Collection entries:

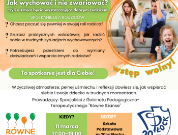 Już 11 marca w Szkole Podstawowej nr 20 w Płocku odbędzie się wyjątkowe spotkanie dla rodziców pt. “Jak wychować i nie zwariować? Czyli o sztuce bycia wystarczająco dobrym rodzicem”. Uczestnicy dowiedzą się, jak budować zdrową relację...
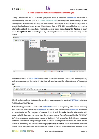 Interface to FORTRAN%uf09f %uf09f RCP Consult 2023-2025 Page 117. How to use the Fortran interface in a STRUREL jobDuring installation of a STRUREL program with a licensed FORTRAN Interface a corresponding Add-on (SAO) %u2013 StrurelToFortran.sao providing the connectivity to the development environment for supported compilers will be placed in the \\Add-ons\\ folder. If everything has been bound as described above, then in STRUREL several indicators provide information about the interface. The first one is a menu item Strurel To Fortran in main menu Help\\About Add-ons\\Interface. By selecting this item, an informative tooltip will be shown.The next indicator is a FORTRAN icon placed in the status bar on the bottom. When pointing on it by mouse cursor the state of interface will be shown on the leftmost pane of the status bar.If both indicators have states as shown above you are ready to use the FORTRAN Interface facilities in a STRUREL job.A standard approach to operate with FORTRAN Interface completely differs from handling with standard interfaces such as PYTHON or similar. The creation of a FORTRAN source file in correct notation for compiler of interest is not trivial. To make it easier a template with some helpful data can be generated for a new source file referenced in the DEFFUNC defining an export function and name of Buildout Add-on. After definition of required Symbolic Expressions and parsing a name of source file together with Add-on name will be shown in Reliability Job tree in the category Buildout Add-ons. Blue color means that this source file is not yet saved. Otherwise the colour of source file name is red. For this state
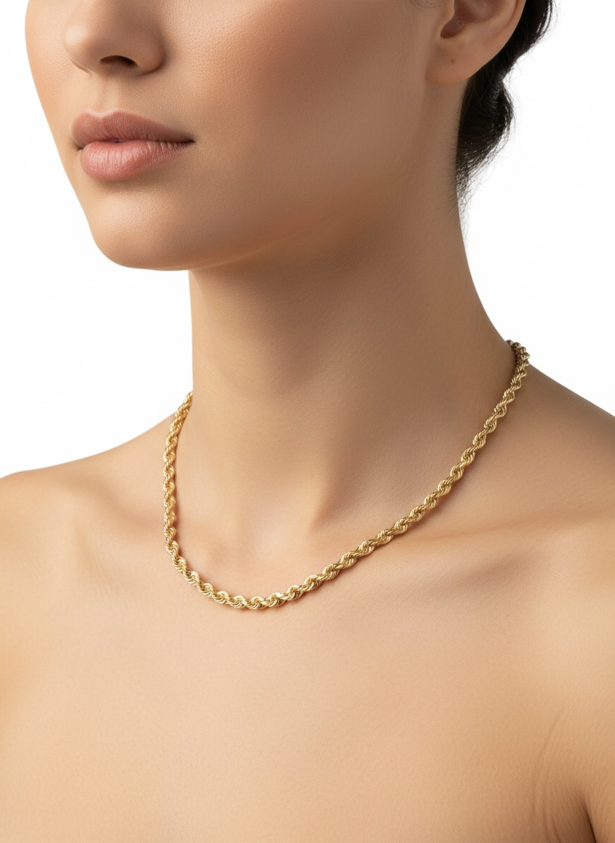 Elegancia sofisticada: Diseño rope trenzado con brillo uniforme que aporta presencia y estilo clásico.
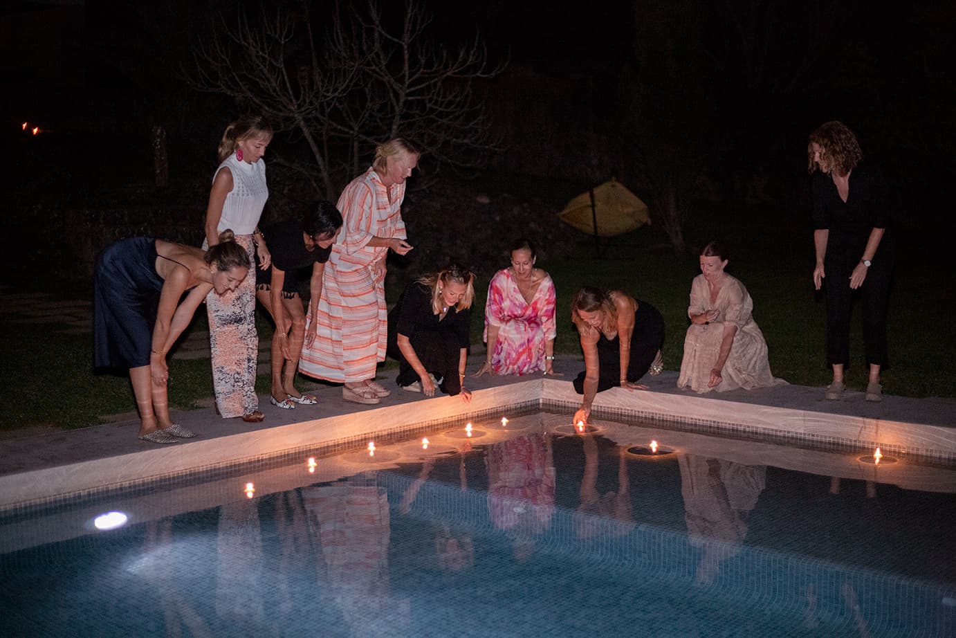 As the stars came out, guests filed down to the pool and set alight floating
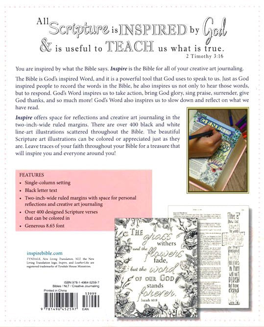The NLT Inspire Bible: The Bible for Coloring & Creative Journaling continues the legacy of the bestselling Inspire Bible series of journaling Bibles. With over 400 unique line-art illustrations spread throughout God's Word to prompt your spirit and imagination, this Bible presents Scripture in a single-column text with wide margins. Custom Scripture art accompanies the most profound and inspirational passages with the intent of sparking your God-given creativity and personalizing the two inch margins with your own thoughts and art. The NLT Inspire Bible: The Bible for Coloring & Creative Journaling is available in the popular New Living Translation, and is designed uniquely to appeal to art-journaling and adult coloring book enthusiasts.

**What you will do**: Both the line containing "Elegancia sofisticada: Diseño" and the line containing "As the stars" above belong in the output, as do the lines between them. Print them exactly, without pictures.

**Exercise output**:
 Elegancia sofisticada: Diseño rope trenzado con brillo uniforme que aporta presencia y estilo clásico.
 As the stars came out, guests filed down to the pool and set alight floating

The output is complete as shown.